### Brief
Below are records; the lines starting at the one with "Bàn Trà Gỗ (tùy" and ending at the one with "STYLE: This bull" must be reproduced exactly, both included. Pictures must not appear.

### Input material
--*--

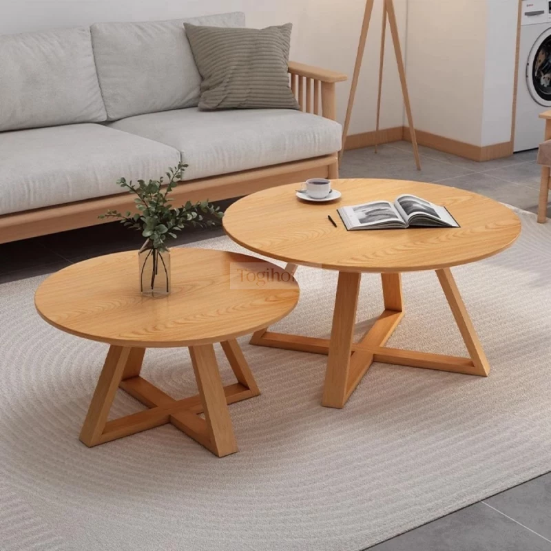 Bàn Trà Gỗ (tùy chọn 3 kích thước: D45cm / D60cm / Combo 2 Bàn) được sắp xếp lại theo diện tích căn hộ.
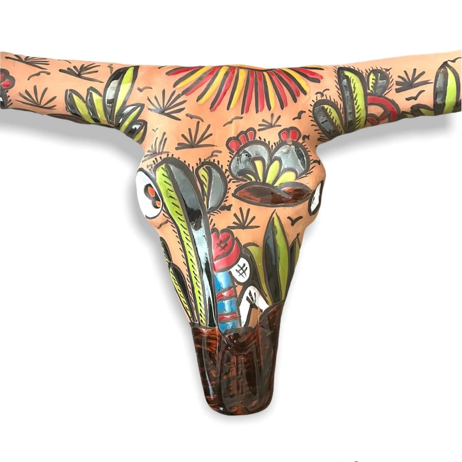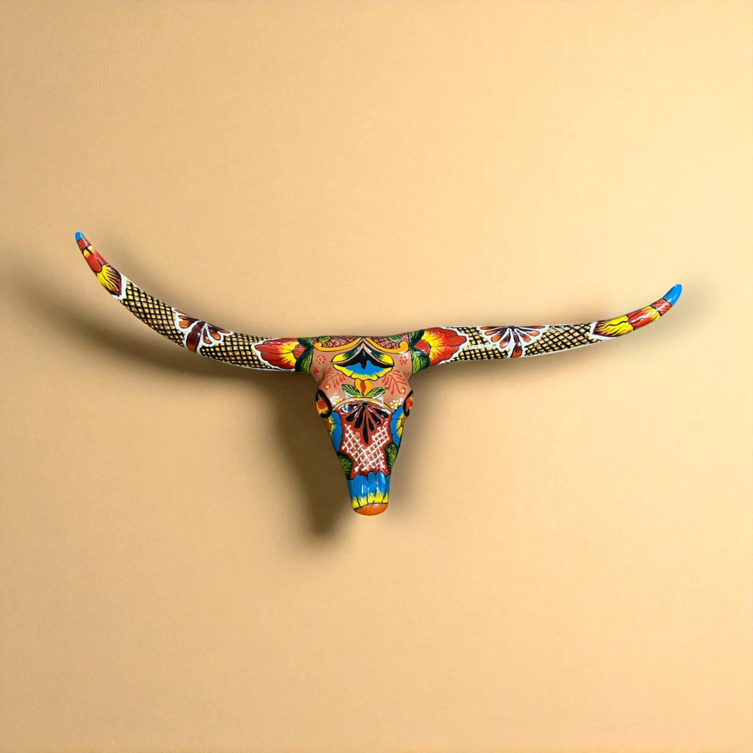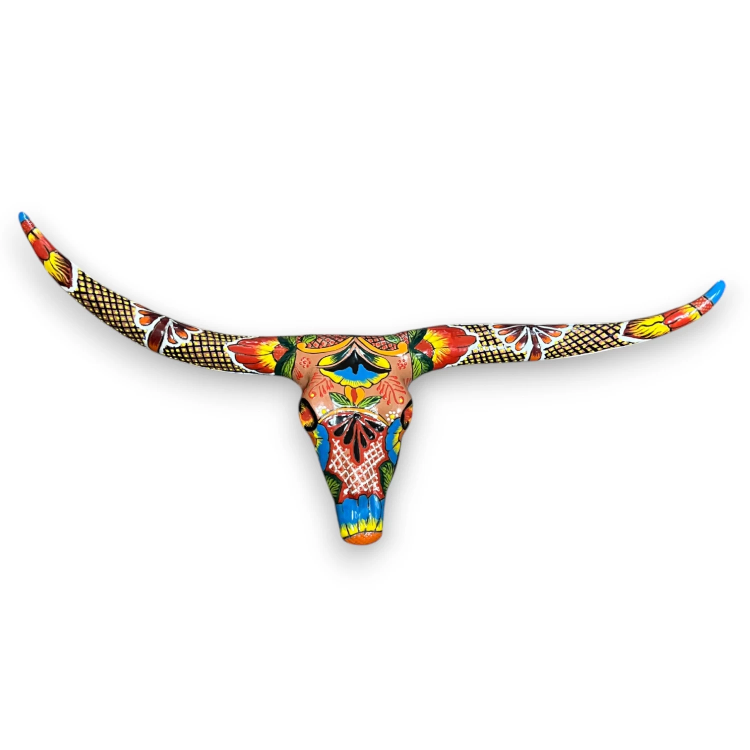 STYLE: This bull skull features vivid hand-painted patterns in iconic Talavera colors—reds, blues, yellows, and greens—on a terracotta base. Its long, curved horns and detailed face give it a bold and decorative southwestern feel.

--*--

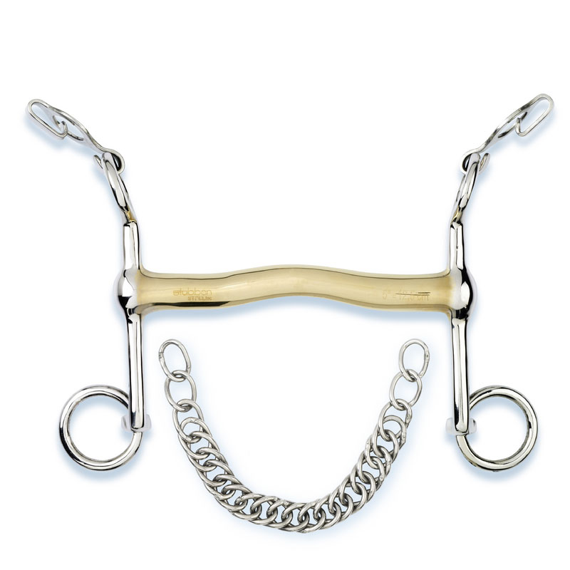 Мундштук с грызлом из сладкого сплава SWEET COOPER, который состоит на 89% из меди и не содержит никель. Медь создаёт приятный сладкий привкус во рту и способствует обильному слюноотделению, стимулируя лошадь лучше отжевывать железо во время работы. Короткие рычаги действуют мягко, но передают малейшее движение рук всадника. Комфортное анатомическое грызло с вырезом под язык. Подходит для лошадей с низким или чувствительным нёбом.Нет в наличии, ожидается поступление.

--*--

### Answer
 Bàn Trà Gỗ (tùy chọn 3 kích thước: D45cm / D60cm / Combo 2 Bàn) được sắp xếp lại theo diện tích căn hộ.
 STYLE: This bull skull features vivid hand-painted patterns in iconic Talavera colors—reds, blues, yellows, and greens—on a terracotta base. Its long, curved horns and detailed face give it a bold and decorative southwestern feel.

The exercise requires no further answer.